U.S. prosecutors have indicted Assange on 17 espionage charges and one charge of computer misuse over WikiLeaks’ publication of leaked military and diplomatic documents detailing alleged U.S. military operations in Iraq and Afghanistan, in 2010 and 2011. The charges could lead to a maximum sentence of 175 years in prison.

Lawyers for Assange, an Australian national, laid forth the argument that he was acting as a journalist and therefore entitled to First Amendment protections of freedom of speech.

Judge Baraitser rejected this argument and said that Assange’s “conduct, if proved, would therefore amount to offenses in this jurisdiction that would not be protected by his right to freedom of speech.”

The case is now likely to go to the U.K. supreme court.
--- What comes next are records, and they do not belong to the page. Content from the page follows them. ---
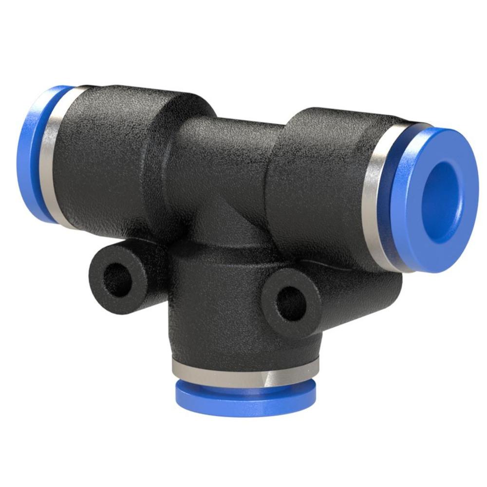 - El conector en T «serie azul» se utiliza para ramificar mangueras en instalaciones neumáticas con el fin de alimentar varias líneas simultáneamente.
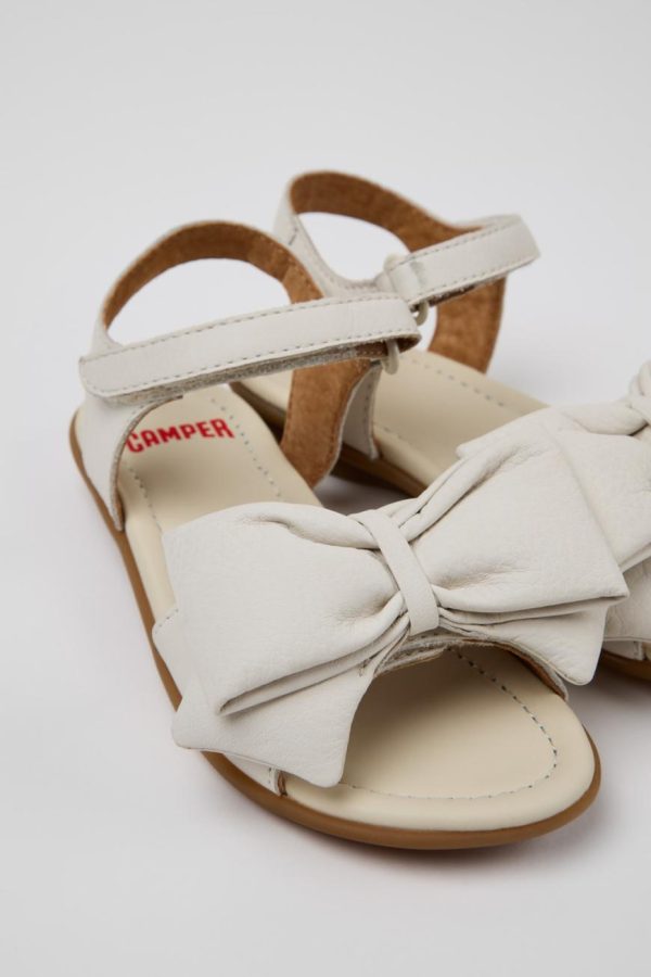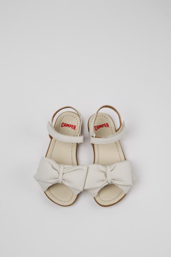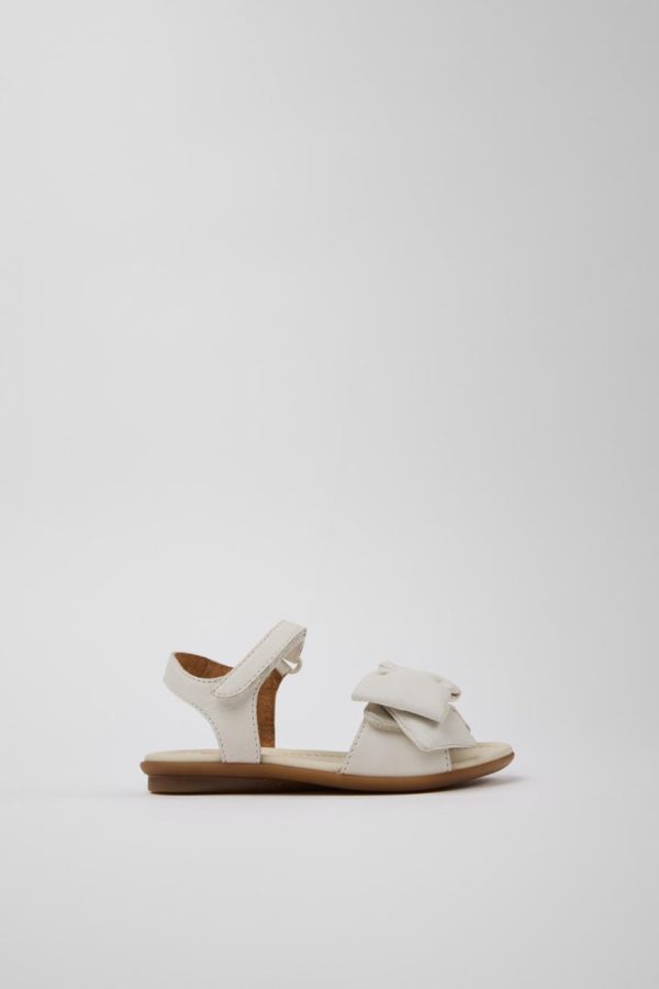White leather kids’ sandal with hook & loop system and rubber outsoles.
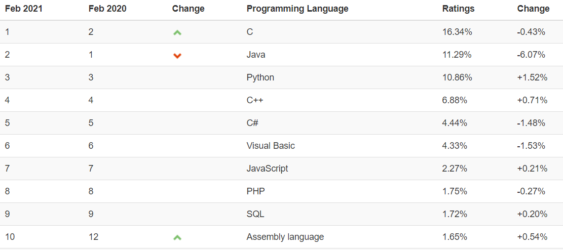 하지만 운영체제의 커널, 임베디드 등이 c언어로 구현 됐다는 사실을 아니, c언어가 왜 1위를 차지하고 있는지 이해가 간다. Assembly가 10위?!
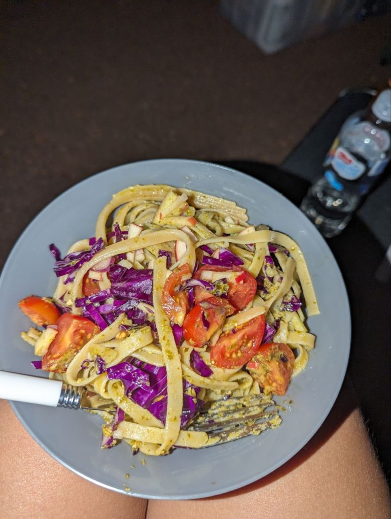 Wir essen Nudeln mit Pesto, dann drehen wir noch mal ordentlich die Klimaanlage auf und versuchen zu schlafen.

In the interim, Assange will remain in a U.K. prison. He has been held at London’s Belmarsh prison from April 2019.

Assange’s partner Stella Morris has been leading a campaign against his extradition. “His ‘crime’ is to have reported on matters the U.S. would rather have kept hidden from view,” Morris wrote in the campaign’s fundraiser site, which has surpassed its goal of collecting £175,000 ($239,000).

“He helped expose war crimes and human rights abuses. He revealed the killing of unarmed civilians and the torture of innocent people. No one has been held responsible for the serious crimes Julian has exposed. If he, an Australian citizen living in the U.K. can be successfully prosecuted, so too can journalists and publications everywhere.”